= James Birren =

American gerontologist

James E. Birren (April 4, 1918 – January 15, 2016) was one of the founders of the organized field of gerontology. He was a past president of The Gerontological Society of America, and author of over 250 publications.

==Personal life==
Birren was born on April 4, 1918, in Chicago. With the original intent to study engineering, Birren enrolled in Wright Junior College to study technical subjects. Birren changed his mind due to the Great Depression in America and decided to transfer to Chicago Teachers College to pursue what he thought to be a more practical career. It was there he took his first course in psychology, and he was encouraged by his professors to attend graduate school at Northwestern University.

Birren was strongly influenced by his time as a graduate student studying experimental psychology at Northwestern University. Birren married his wife, Betty, in 1942.

Birren died on January 15, 2016, at the age of 97.

==Theories==

Birren was known for defining aging as three distinct processes: primary, secondary, and tertiary. Birren was the founding dean of the University of Southern California Leonard Davis School of Gerontology and founding director of the Ethel Percy Andrus Gerontology Center, and after his retirement from USC was associated for many years with the UCLA Center on Aging.
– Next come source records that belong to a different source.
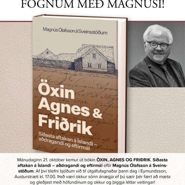 Feykir sagði frá því um helgina að í tilefni útkomu bókarinnar Öxin, Agnes og Friðrik eftir Magnús Ólafsson á Sveinsstöðum yrði haldin útgáfuhátíð í Reykjavík í gær. Það er skemmst frá því að segja að það var fullt út úr dyrum í Penninn Eymundsson í Austurstræti.
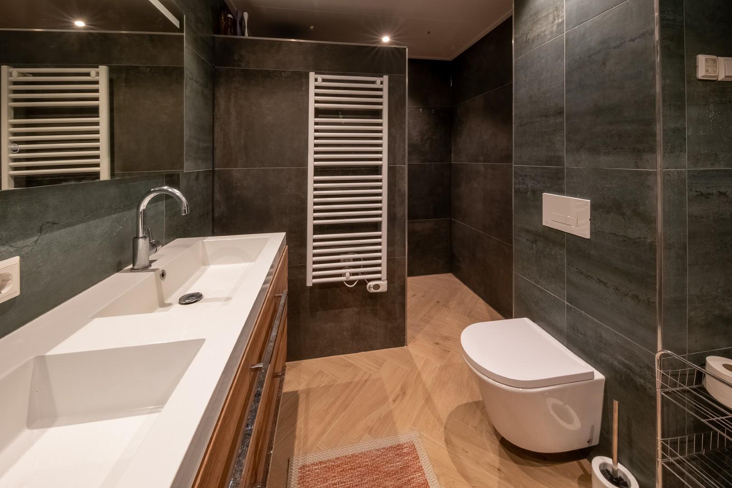 De badkamer is royaal en eigentijds uitgevoerd en beschikt over een dubbele wastafelmeubel, een tweede toilet en een ruime inloopdouche. Een verzorgde en comfortabele ruimte die aansluit bij de woonwensen van nu.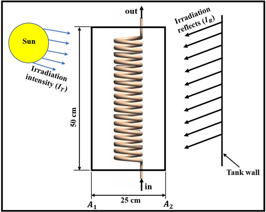 - The proposed study provides a new model of solar water heating where a condenser is combined with water or acetone as the working fluid, which can be a promising chance to solve the major problems in the solar energy application, such as cost efficiency, optimum angle position, and constraints on materials.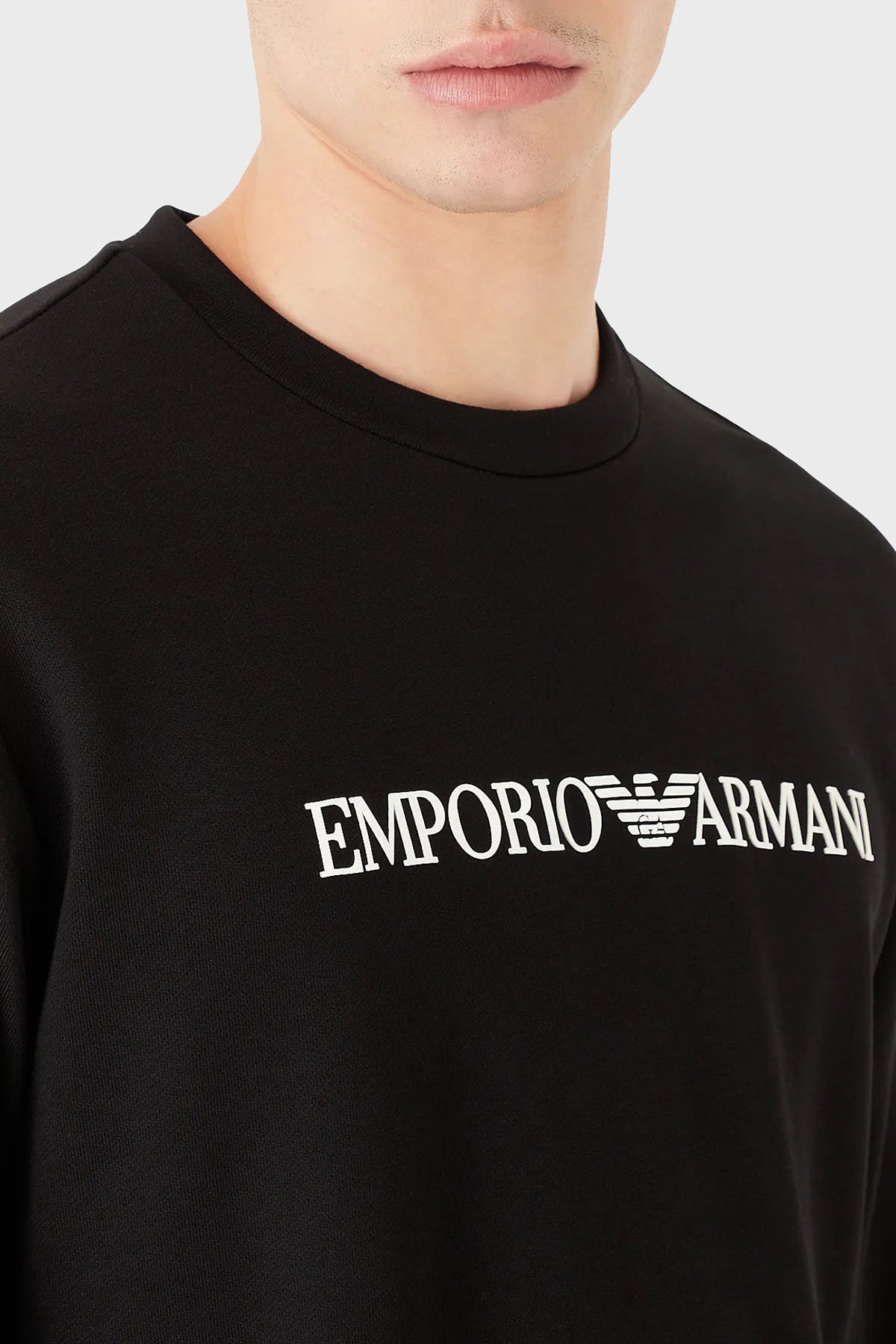 Logolu Bisiklet Yaka Pamuklu Regular Fit Erkek Sweat 8N1MR6 1JRIZ F009 SİYAH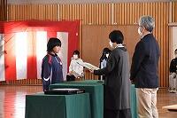 いつもの表彰集会と違って、赤じゅうたんの上を歩くので、ちょっと緊張した面持ちでしたが、さすが6年生はっきりした返事と堂々とした姿勢、立派な態度に感動しました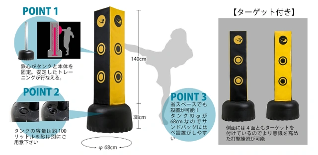 サンドバッグ型に比べ省スペースで設置しやすいスタンディングタイプ同時開発。こちらはサンドバッグ型に比べ振り子のように動きにくいので、サンドバッグタイプだと難しいと感じる方におすすめ。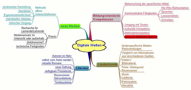 Die folgende MindMap führt nur einige wichtige Punkte auf, die für den Spanischunterricht besonders wichtig beim Lernen mit neuen Medien sind.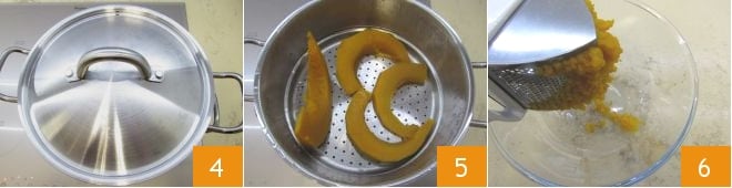cover with the lid 4. Cook the pumpkin: it will take about 30 minutes, and it should be soft yet firm 5 – you can check the consistency with a fork. Mash the cooked pulp with a potato masher 6 to obtain a puree.

A leading gerontological theorist in the area of neurocognition and psychology, Birren established much of the framework of modern gerontological theory, such as "quality of life" as a multidimensional concept involving biological, psychological, and sociocultural domains.

==Career==

Birren was considered "one of the reigning pioneers of gerontology," by the American Society on Aging. He was instrumental in the growth and expansion of the field of gerontology in the 1950s, and his career spanned six decades.

Birren received his PhD from Northwestern University and began his research career at the Naval Medical Research Center. In 1947, he joined the U.S. Public Health Service in Baltimore and did research on aging at the Gerontology unit. Birren attended the very first meeting of GSA, The Gerontological Society of America in 1948. In 1950, he joined the National Institute of Mental Health and created the first section on aging. In 1964, he became the director for the Program on Aging for the National Institute on Child Health and Human Development. Jim moved to the University of Southern California in 1965 where he remained until 1989. There he was the founding director of the Ethel Percy Andrus Gerontology Center. In 1989, Birren moved to UCLA, where he remained as the associate director of the UCLA Center on Aging until he retired in 2003.

Birren's early research had an experimental base and he studied cognitive change and aging. Since developing the course Guided Autobiography more than thirty years ago, he has devoted much of his time and energy in the area of autobiographical studies.

Birren was also known for serving as a mentor and founding schools in gerontology to promote research on aging. In 1965, Birren moved to California to pursue a new career with The University of Southern California. There, he became the founding dean of the USC Davis School of gerontology. In this position, Birren flourished as a teacher and a mentor, offering degrees in gerontology at the undergraduate, masters, and PhD levels. Throughout his career, he produced over 200 PhDs in gerontology, and many of his students dedicated their careers to publishing literature in the field of gerontology. He also continued publishing literature in the field of gerontology. While the Davis School of Gerontology flourished and gained international recognition, Birren produced multiple editions of the Handbooks of Aging series, including The Handbook of Mental Health and Aging, The Handbook of Psychology and Aging, and The Handbook of Theories of Aging. These compilations include relevant research on the issues of aging and contributed to the development of gerontology as a science. One of Birren’s lasting contributions to the field is these compilations of research on aging.

When Birren became emeritus of the University of Southern California (USC) at the age of 71 in 1989, he went on to establish another institution of gerontology. Birren developed the Birren Center for Gerontological Research at the University of California, Los Angeles (UCLA). He eventually became the associate director of the Center for Aging at UCLA and continued publishing until he retired in 2003.

After retiring from UCLA he focused on his Guided Autobiography (GAB) program and in 2003 he founded the Birren Center for Autobiographical Studies with Cheryl Svensson, Ph.D., and a small group of close associates. Dr. Svensson is the director of the Center which has trained 678 Guided Autobiography instructors in 32 countries. It is now a non-profit organization. GAB is a 6 to 8-week program in which participants write 2 pages each week on 10 different subjects like Family, Money, Death, and Sex. It is about subjects in the writer’s life, not a chronological presentation. Birren described GAB as "therapeutic" but not "therapy".

==Books==

- Telling the Stories of Life Through Guided Autobiography Groups (2001), J.E. Birren & K. Cochran. The Johns Hopkins University Press.
- Guiding Autobiography Groups for Older Adults (1991), J.E. Birren and D. Deutchman. The Johns Hopkins University Press.
- Where to Go From Here (1997), J.E. Birren & L. Feldman. Simon and Schuster.